An eyewitness account from Tanya Giebus provided circumstantial evidence that placed Harris at the base of Wright’s apartment building on the 50th and Locust block around the estimated time of Wright’s death. Giebus, a neighbor who had lived on the same block as Harris for two months, testified that she had talked with “Jimmy” daily since moving into the neighborhood and that he’d talked to her about his handyman work for two apartments.
Giebus was able to identify Harris on the stand. She told the court that she’d seen him the day of Wright’s July 15 slaying. She placed him on the porch of one of the apartment buildings at 5:45 p.m., after he’d told her his employment had been terminated there. She also noted that he backed away upon seeing her.
Authorities assert that shortly before Harris was seen on the porch, he was inside the third floor of the apartment building brutally raping, beating, and strangling 27-year-old Wright.
Harris’ sperm was identified by DNA analysis inside Wright’s genitals, as well as on a towel and pillow in her apartment.
According to Assistant District Attorney Gail Fairman, the Medical Examiner’s Office determined Wright’s death to be the result of manual strangulation. The report also stated that Wright sustained blunt-force-trauma injuries to 12 parts of her body including her forehead, eye, lips and four hits over the top of her head.
A statement that Wright’s mother, who was not present in court, gave the authorities was then recounted Fairman to the judge. Paulette Wright was the last known person to speak with her daughter. They were speaking by phone at 5:29 p.m. July 15 when she heard nothing but background noise and hung up. Although she tried to call back repeatedly, her daughter did not pick up.
Wright’s body was discovered the following day at 2:15 p.m. July 16 when Mary Umbrell, an agent at Realty World Properties who manages Wright’s former apartment building, let herself into Wright’s apartment. Umbrell had received a call from Wright’s father who was concerned because he could not get in contact with her by phone.
“I seen Jasmine laying in the bed,” Umbrell testified. “It looked like she was sleeping.”
Umbrell said that she thought Wright was sleeping at first and yelled, “Jasmine, Jasmine wake up,” and then called 9-1-1 when Wright did not respond. Wright was pronounced dead by emergency responders upon their arrival.
Umbrell testified that she knew Harris under the name James Camp, a man whom the apartment building’s owner had hired for cleanup work.
Fairman argued the circumstantial evidence was enough to prove Harris guilty of raping, beating, and strangling Wright.
On behalf of Harris, public defenders Thurgood Matthews and Geoffrey Kilroy argued the possibility Harris engaged in consensual sex with Wright and that the timeframe of Wright’s murder wasn’t clear.
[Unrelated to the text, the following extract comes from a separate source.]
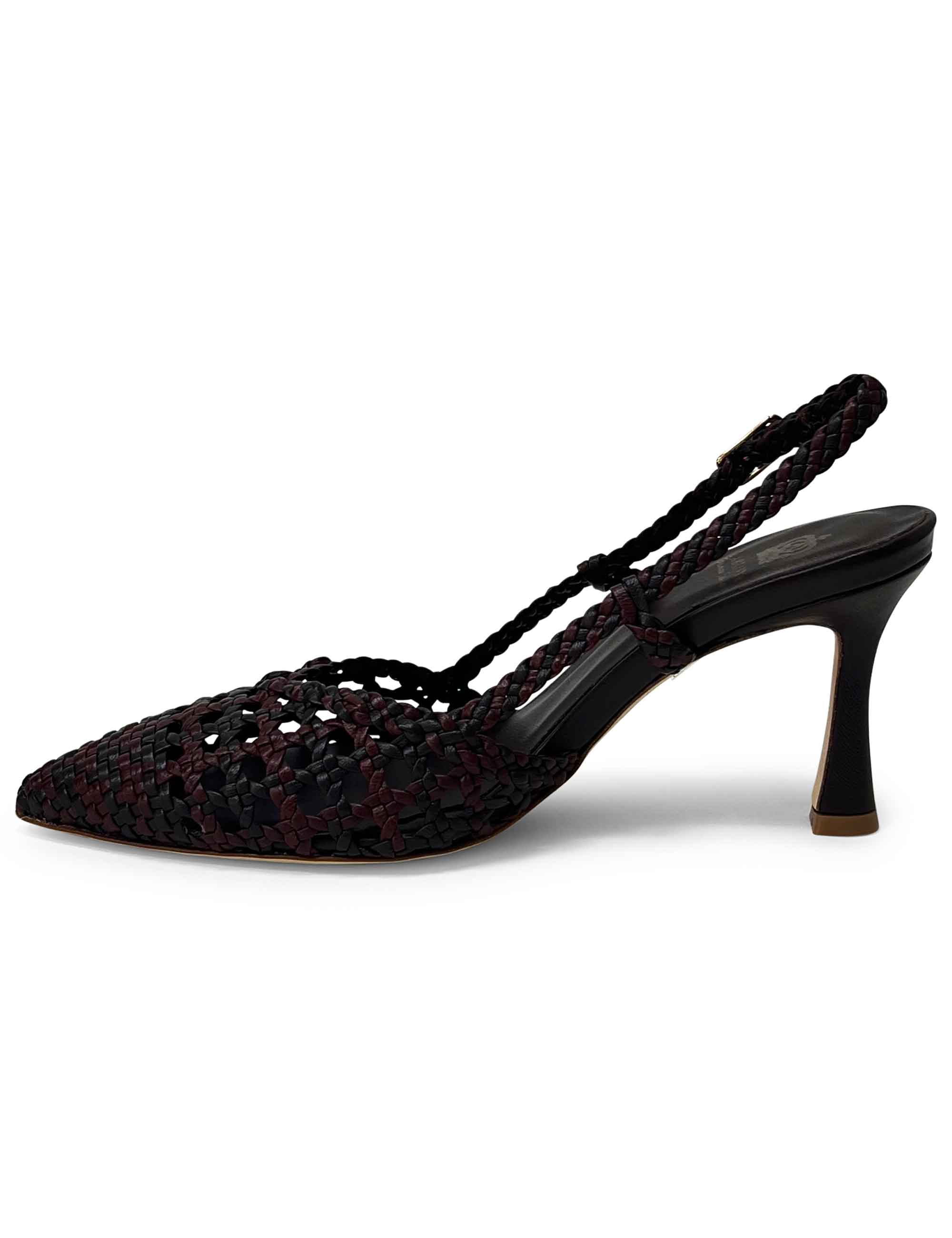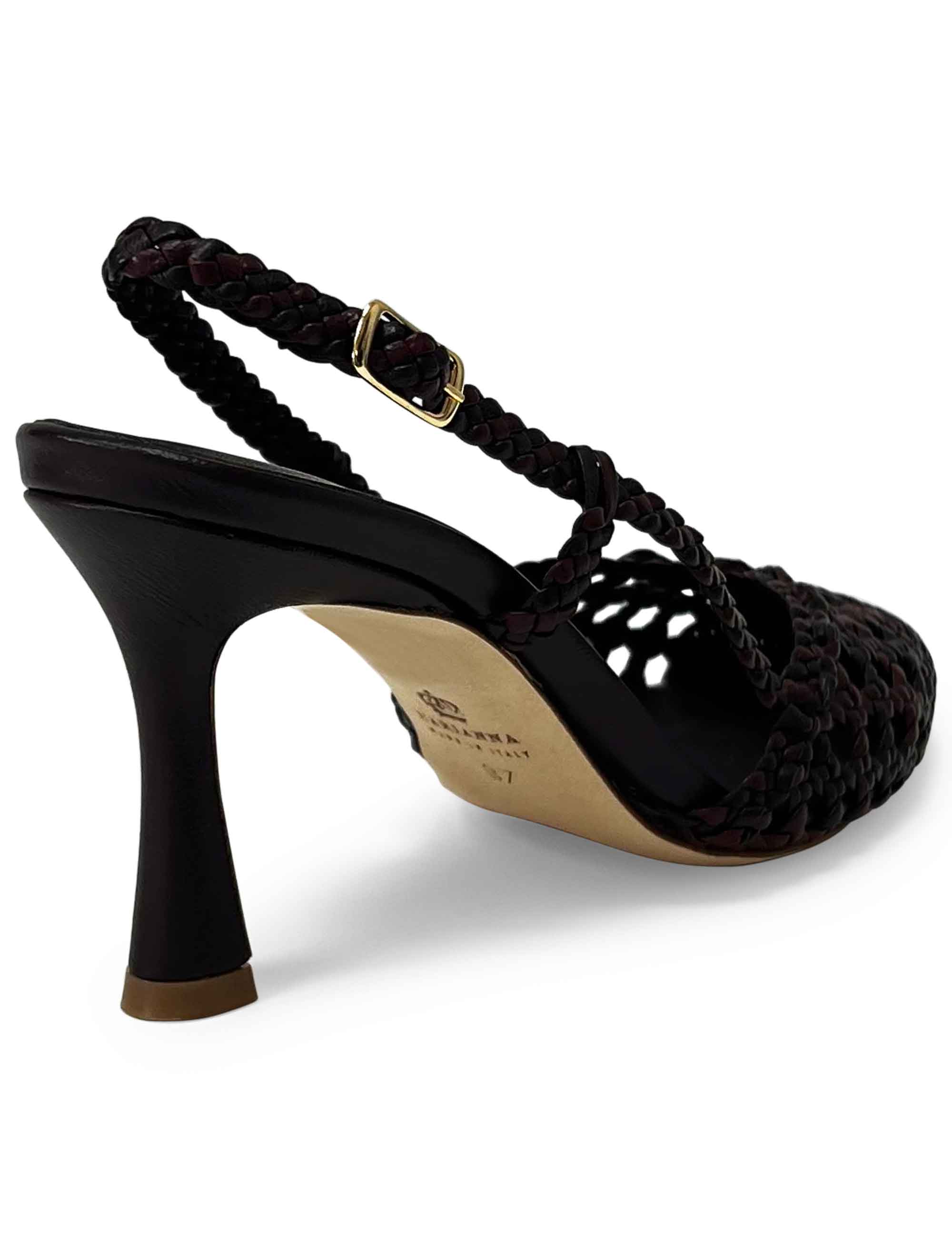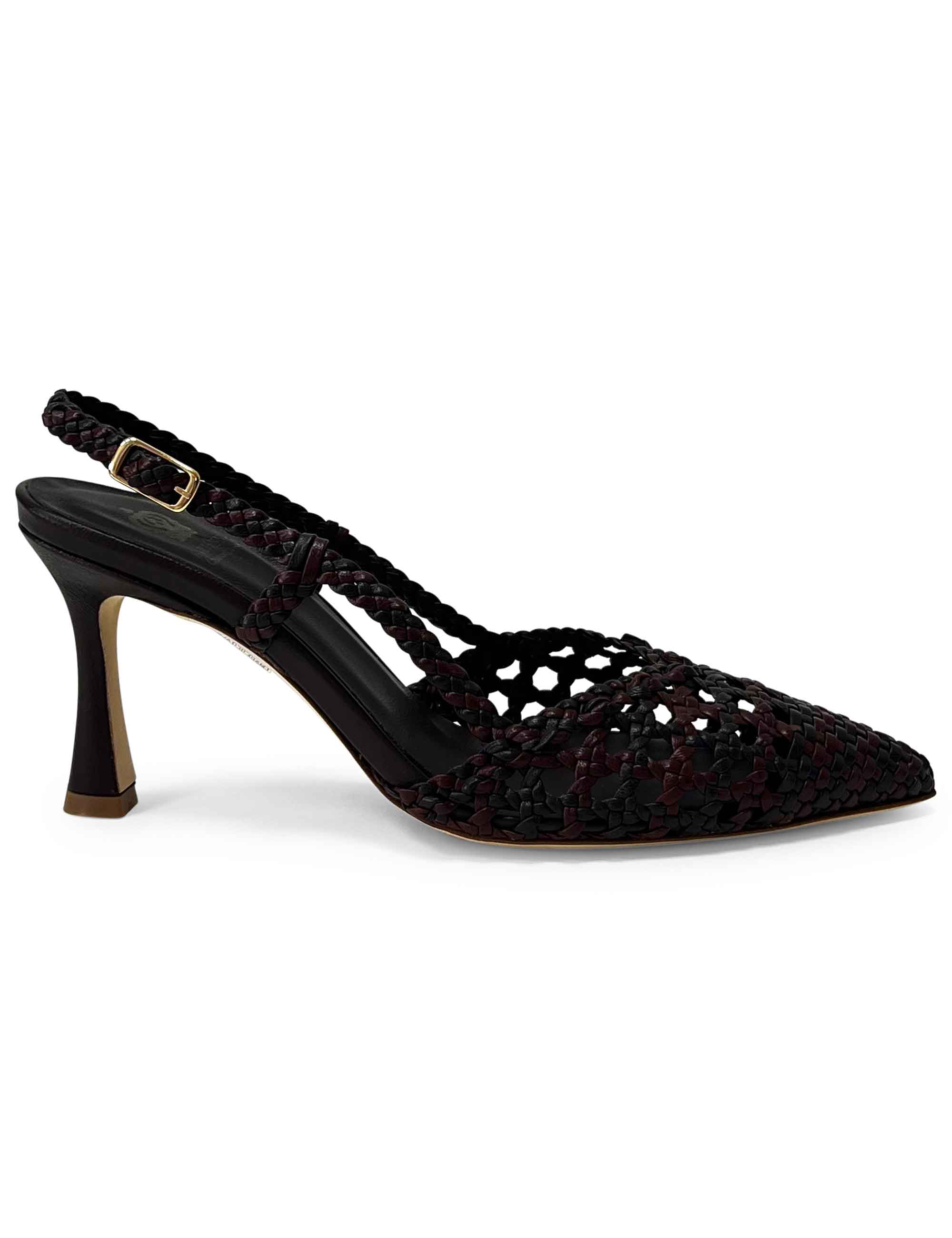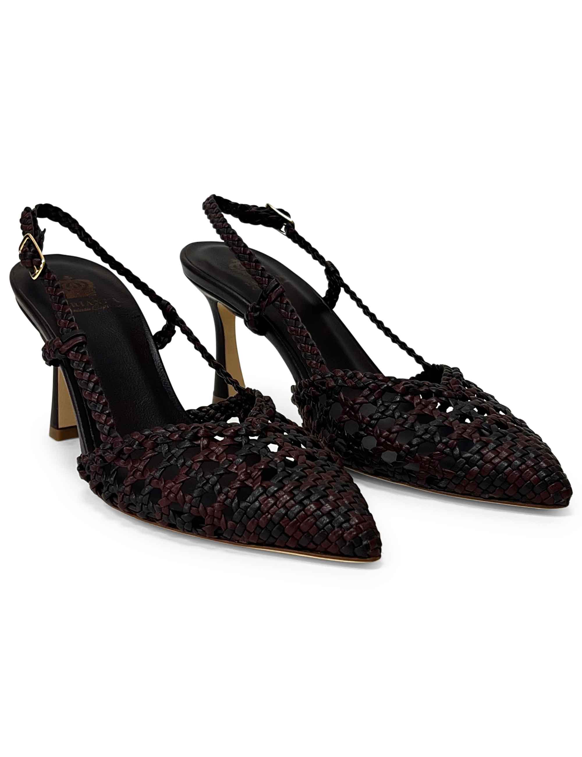 Décolleté slingback da donna in pregiato intreccio di pelle Caoba e Caffè, elegante e versatile. Un modello femminile e confortevole, ideale per completare look quotidiani o outfit più ricercati.

They asserted that someone else could have strangled Wright after Giebus’ account of him at the apartment building.
Harris was arrested in July on charges of Wright’s rape and murder after determined that he had access to her apartment building a week after his employment’s termination, when Wright was slain. He has served state prison time before. He was convicted of voluntary manslaughter, slaying his reportedly abusive father, James Washington in 1982. Harris has also previously been convicted, separately, on charges dealing with criminal trespass and drugs.